* [EXERCISE]: Omit the pictures, then reproduce exactly the line bearing "This little leather" and every line after it up to and including the last line of the entries below.

* [AVAILABLE RECORDS]:
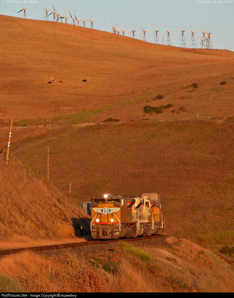 | A few miles west of Altamont, our Oakland bound stacker led by UP8321 is coming down the west grade of Altamont around into the sun again. A slow order at Summit almost allowed the sun hitting the hill ridgeline to ruin the shot, |
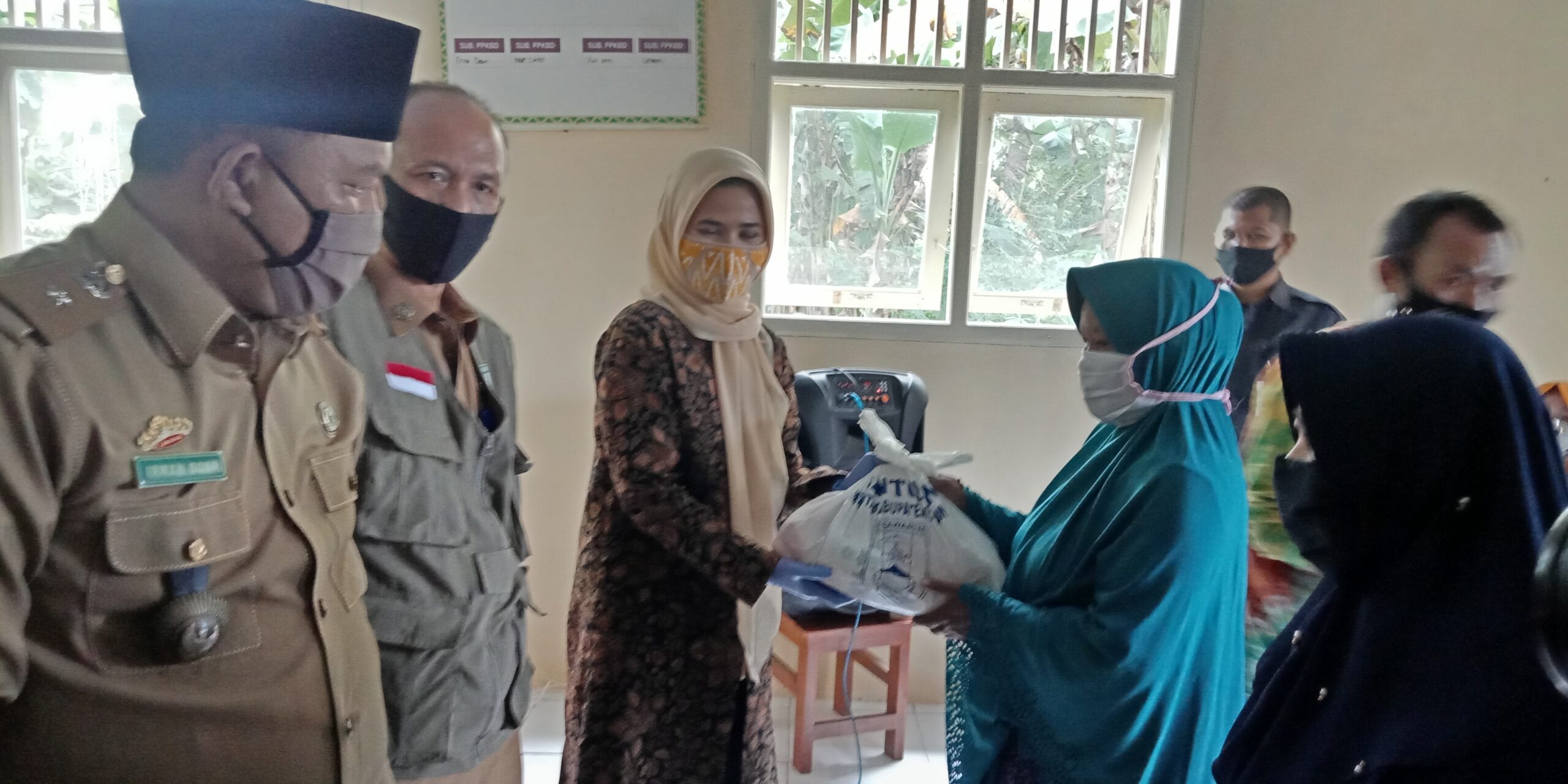 PESAWARAN-(PeNa), Ketua Dekranasda Kabupaten Pesawaran Nanda Indira Dendi serahkan bantuan paket sembako kepada pelaku usaha yang terdampak covid-19 di Kecamatan Way Khilau, Senin (06/07/2020).
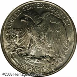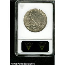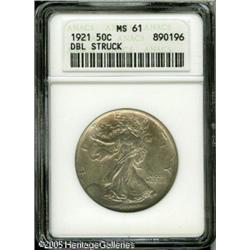 <B>1921 50C MS61 Double Struck ANACS.</B></I> It is rare enough when we are able to offer a Mint State example of this scarce, key date Walking Liberty Half, however, this piece exhibits an essentially unique double struck appearance on each side. Apparently, the coin failed to eject from the dies after the initial strike and rotated slightly counterclockwise before being struck again. Pronounced doubling is seen at the lower peripheral areas and on the eagle's feathers. The date, designer's initials, and HALF DOLLAR are virtually separated from the initial striking.<BR> Swirls of subtle golden patina decorate the minimally marked surfaces. The luster is full and quite frosty for the issue and the strike is unusually sharp for a coin the was twice impressed. We can only theorize about the possibility of a similar coin in existence, but if another was made, we seriously doubt if it still remains in Mint State. Worth a close examination by both the serious Half Dollar collector, and / or the error specialist. Lot:7981
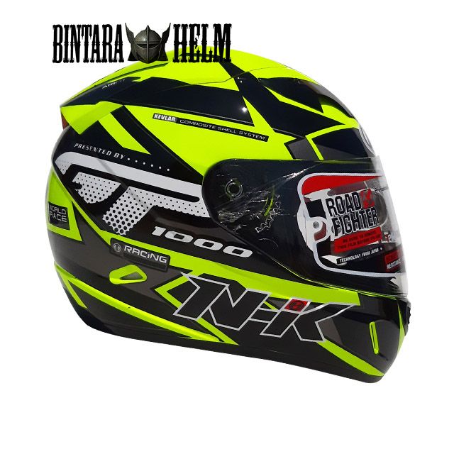 HELM NHK TERLARIS HELM FULL FACE HELM NHK GP 1000 MOTIF YELLOW FLUO SILVER
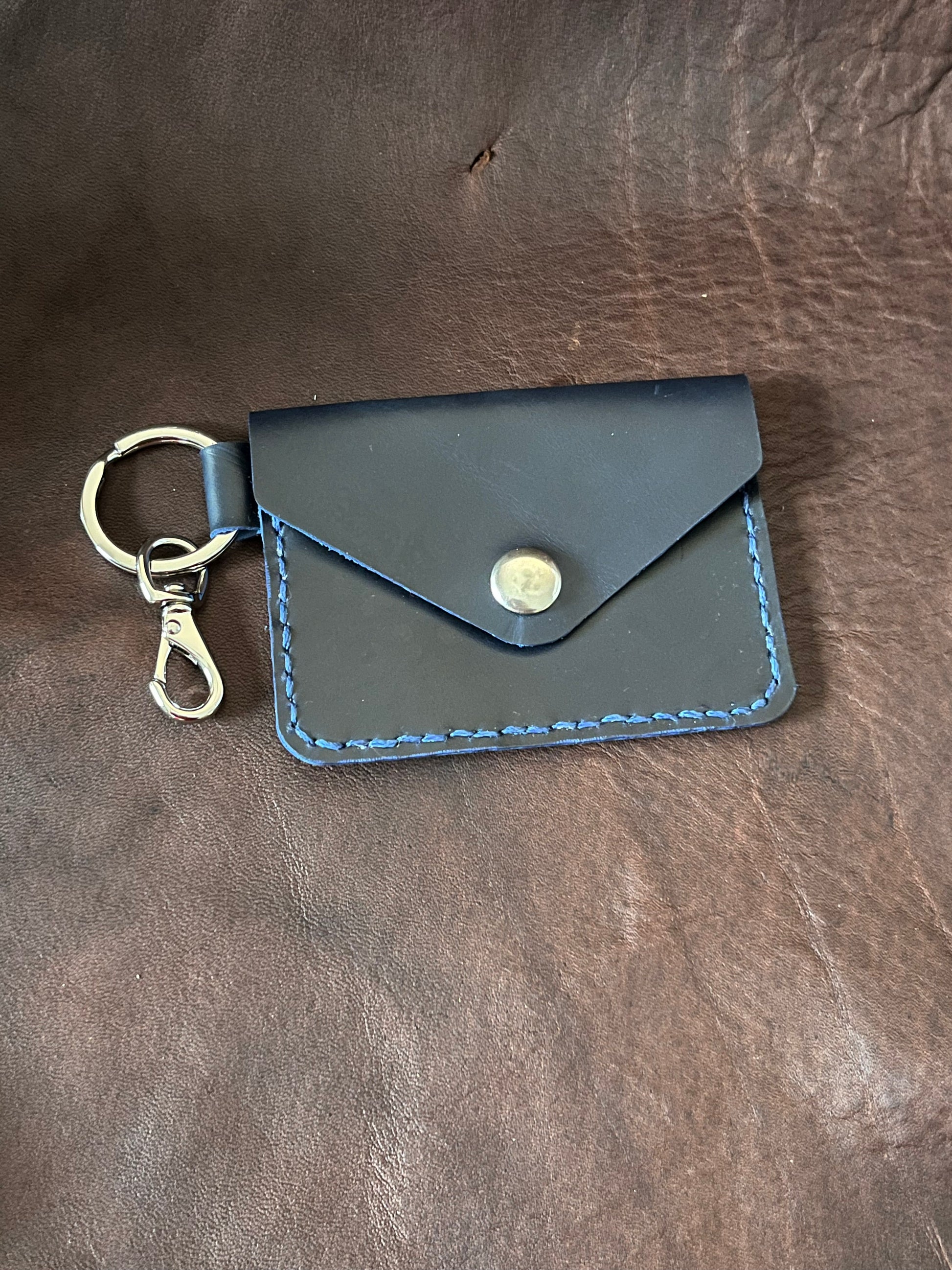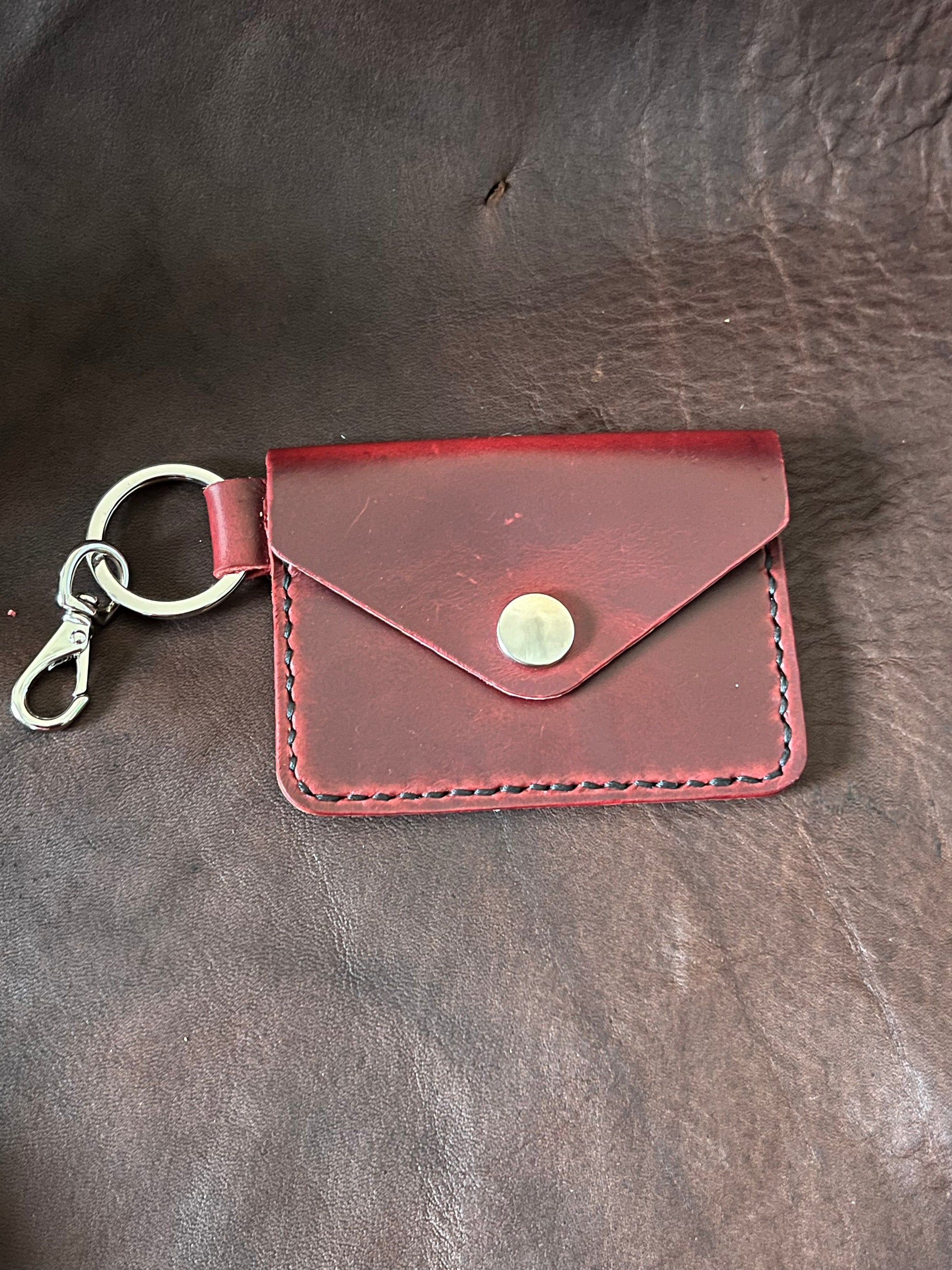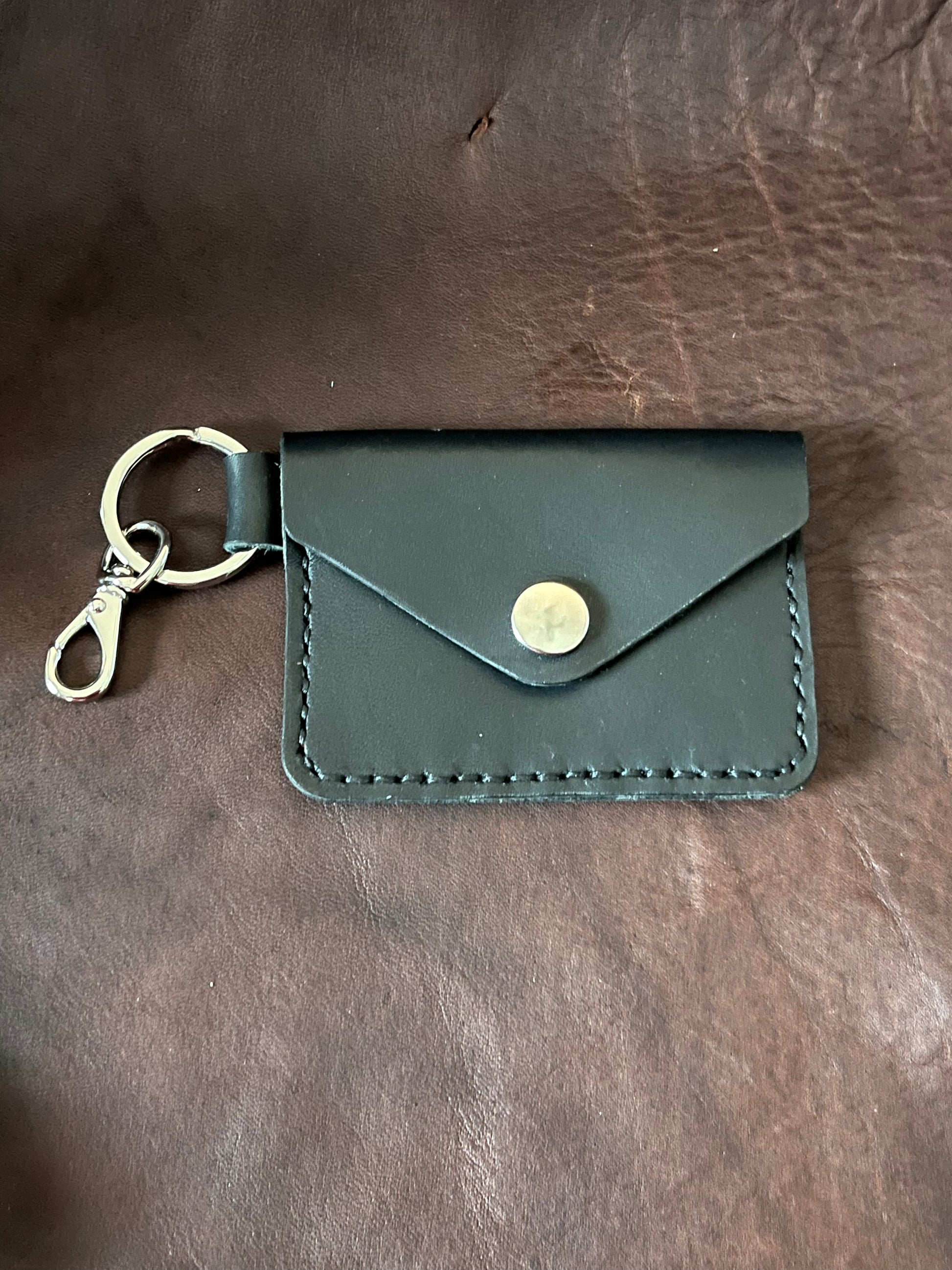 This little leather keychain wallet can keep your most used cards and a little cash always within reach! It has both a clip and a keyring so you can attach it inside a purse, to a lanyard, or just put it a pocket!
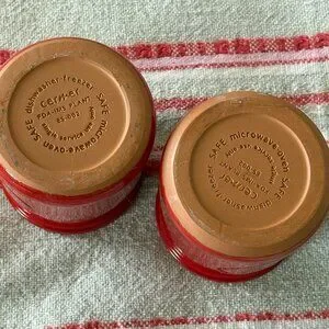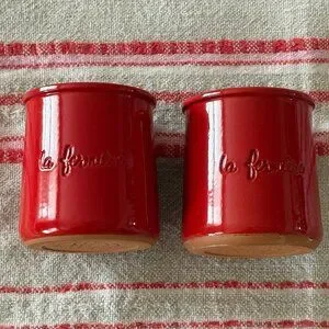 HTF! A pair of special-edition Valentine yogurt pots from La Fermière, a family-owned French yogurt and desserts company, born in sunny Provence in 1952. Their signature pots are lavender-blue – these gorgeous red ones were a Valentine special years ago (maybe 2019?).
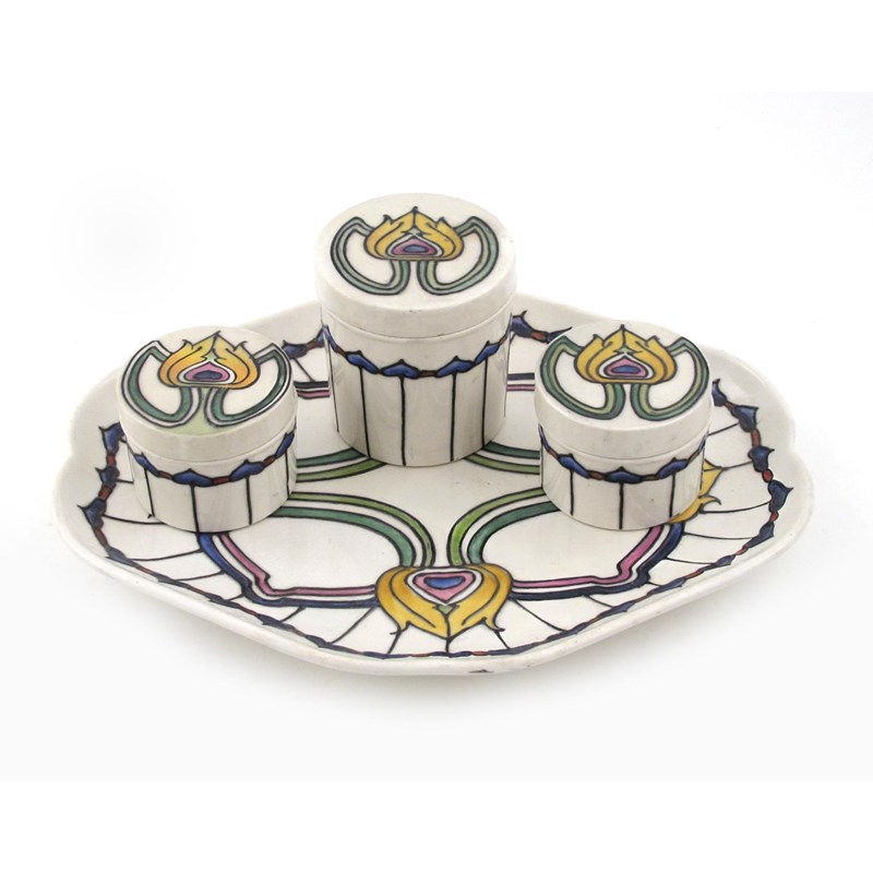 A Minton's Secessionist dressing table set, designed by John Wadsworth and Leon Solon, tubelined decorated with a yellow tulip flower design, on a white ground, comprising shaped tray and three covered cylindrical pots printed marks, professional restoration and minor chips 31.5cm. wide

* [SOLUTION]:
 This little leather keychain wallet can keep your most used cards and a little cash always within reach! It has both a clip and a keyring so you can attach it inside a purse, to a lanyard, or just put it a pocket!
 HTF! A pair of special-edition Valentine yogurt pots from La Fermière, a family-owned French yogurt and desserts company, born in sunny Provence in 1952. Their signature pots are lavender-blue – these gorgeous red ones were a Valentine special years ago (maybe 2019?).
 A Minton's Secessionist dressing table set, designed by John Wadsworth and Leon Solon, tubelined decorated with a yellow tulip flower design, on a white ground, comprising shaped tray and three covered cylindrical pots printed marks, professional restoration and minor chips 31.5cm. wide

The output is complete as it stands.